■ **Data below**
────────────────

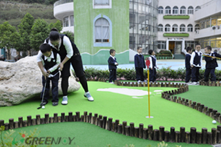学习高尔夫对青少年的身心发展是非常有帮助的,学校开设高尔夫课程,可以通过这项绿色、有氧、阳光的运动,让学生得到健体、礼仪、交往、英语等方面的训练,为学生搭建了解这项运动的平台,同时提高学生综合素质,丰富经历,帮助他们开阔眼界。但是目前中国的球场不仅离市区远,也没有一家是公众的平价球场,加上现在的青少年学业繁重,并无太多课余时间,若要去球场打球,只能利用假日的时间靠父母的接送,除去来回所需时间,真正练球的时间其实很有限,倘若父母还有自己的事业要经营,不能每周都带孩子去球场,那么练球的机会又少了很多。衡泰信凭借十五年的高尔夫行业经验,为青少年提供了最佳高尔夫解决方案。通过合理的高尔夫课程安排,针对不同年龄阶段的孩子设置不同的高尔夫体验。幼儿园、小学阶段是初步的兴趣培养期,可以开设迷你高尔夫、模拟高尔夫课程,为了让设计更加符合孩子的心理,我们可以在迷你高尔夫球场里面布置一些卡通人物、城堡等,让孩子从零接触高尔夫时就对高尔夫产生浓厚兴趣。中学阶段可以开设果岭和模拟高尔夫课程。我们将根据孩子的身心特征,建造适合青少年练习的造型多样美观、难度各异的仿真人造草果岭,使有限的空间发挥最大价值,让孩子们在仿真果岭打球,犹如置身高尔夫球场,在阳光、绿地和清新空气中享受挥杆进洞的成就感。Greenjoy模拟高尔夫则是青少年学习高尔夫的最佳辅助工具。
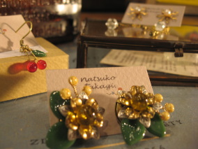 | 商品入荷のお知らせ natsuko takagiの新作アクセサリー。 気持ちまで華やかにしてくれるピアスたち。少しゴールドががったランプワークガラスが大人っぽくて、とってもエレガント。 人気の林檎のピアスに続き、さくらんぼが 初登場。可愛らしく繊細な印象です。 (こちらも林檎と同じく片方のみ) 雫シリーズを含めて計10点の入荷です。 |
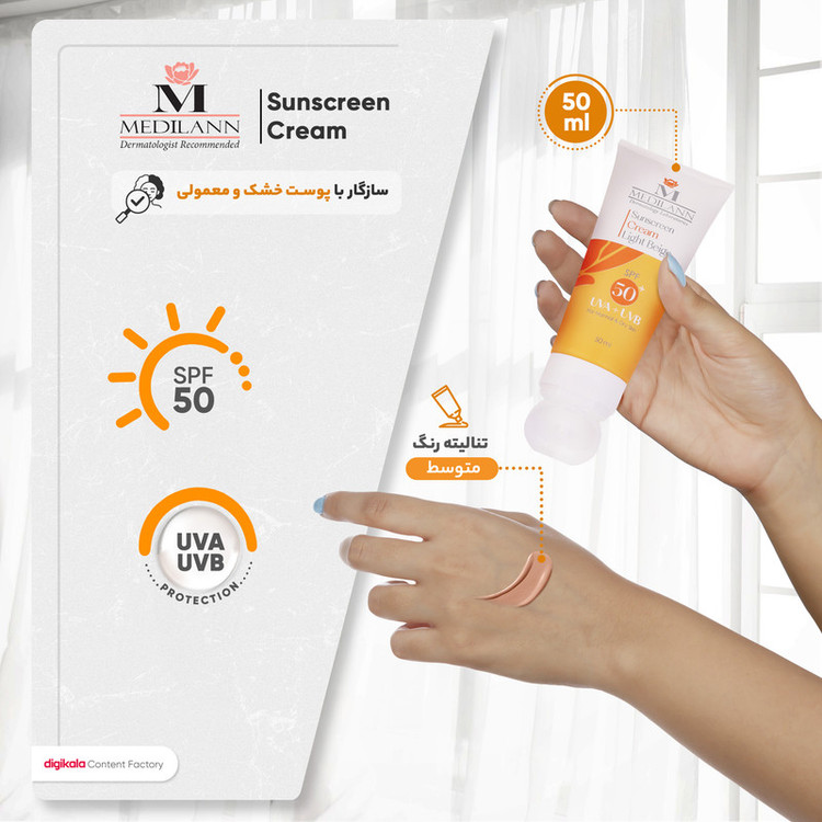 کرم ضدآفتاب رنگی مدیلن SPF50، مناسب پوست‌های خشک، حجم 50 میلی‌لیتر
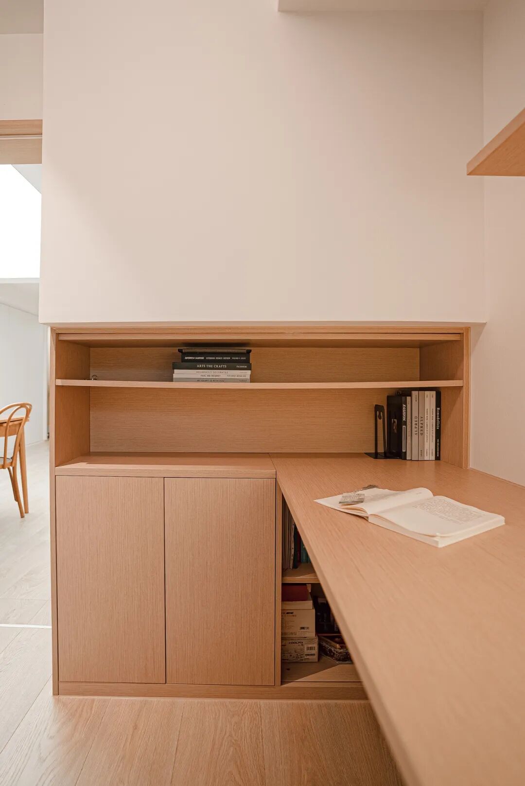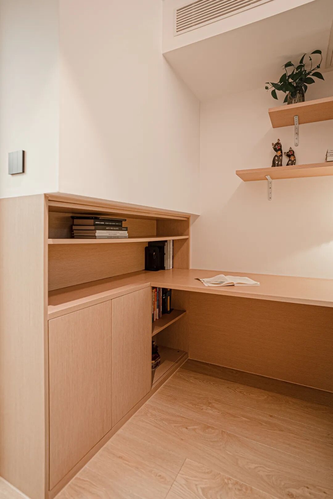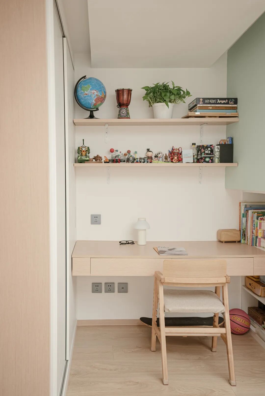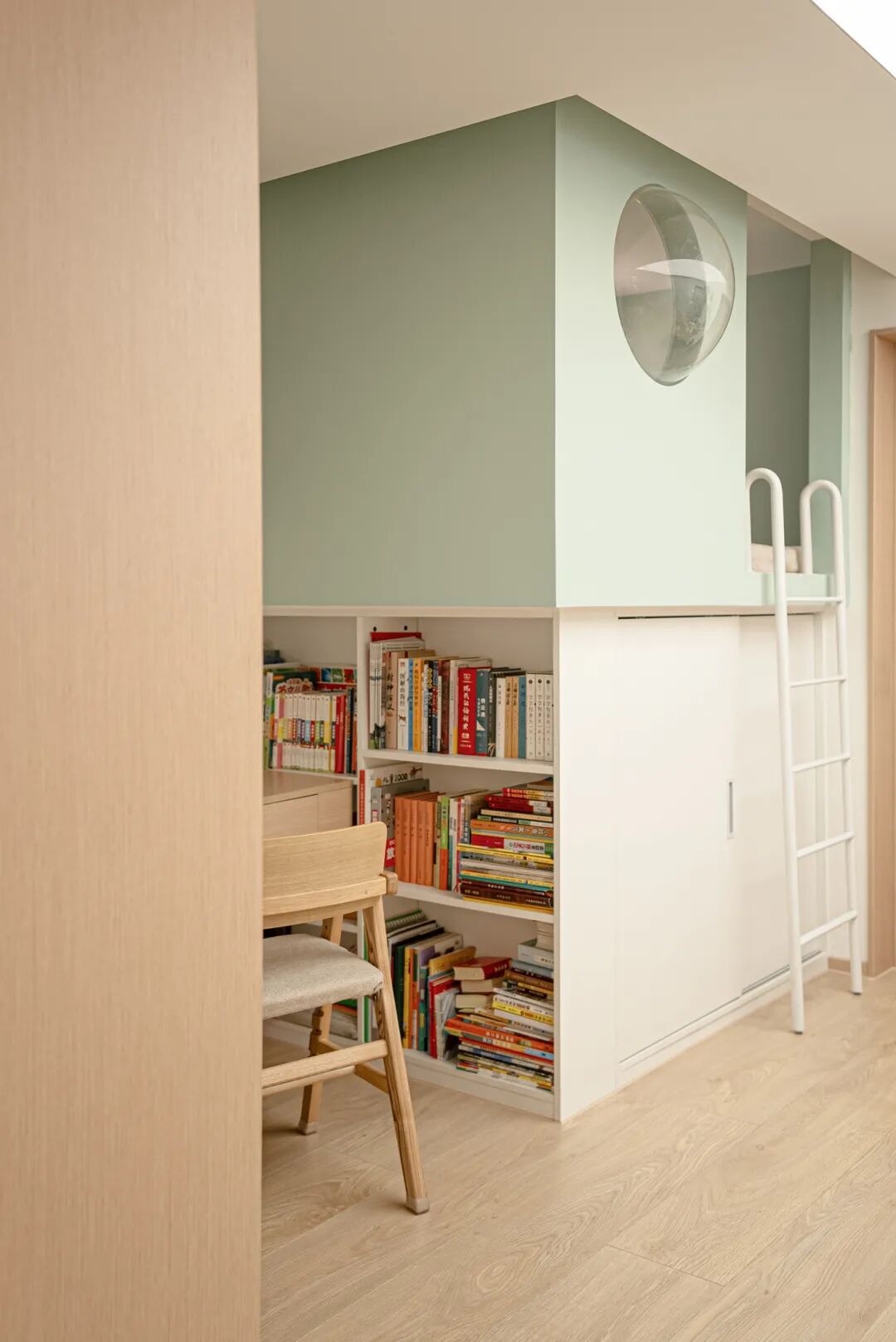 靠近书桌一侧还设置了高度合理的开放式书架,方便随手取拿,也有助于让小朋友养成自主收纳的好习惯。

────────────────

■ **How to complete this task**
For this exercise, output only the lines from the one bearing "(こちらも林檎と同じく片方のみ) 雫シリーズを含めて計10点の入荷です。 |" to the end of the material above, exactly as written, with pictures left out.

■ **Exercise result**
 | 商品入荷のお知らせ natsuko takagiの新作アクセサリー。 気持ちまで華やかにしてくれるピアスたち。少しゴールドががったランプワークガラスが大人っぽくて、とってもエレガント。 人気の林檎のピアスに続き、さくらんぼが 初登場。可愛らしく繊細な印象です。 (こちらも林檎と同じく片方のみ) 雫シリーズを含めて計10点の入荷です。 |
 کرم ضدآفتاب رنگی مدیلن SPF50، مناسب پوست‌های خشک، حجم 50 میلی‌لیتر
 靠近书桌一侧还设置了高度合理的开放式书架,方便随手取拿,也有助于让小朋友养成自主收纳的好习惯。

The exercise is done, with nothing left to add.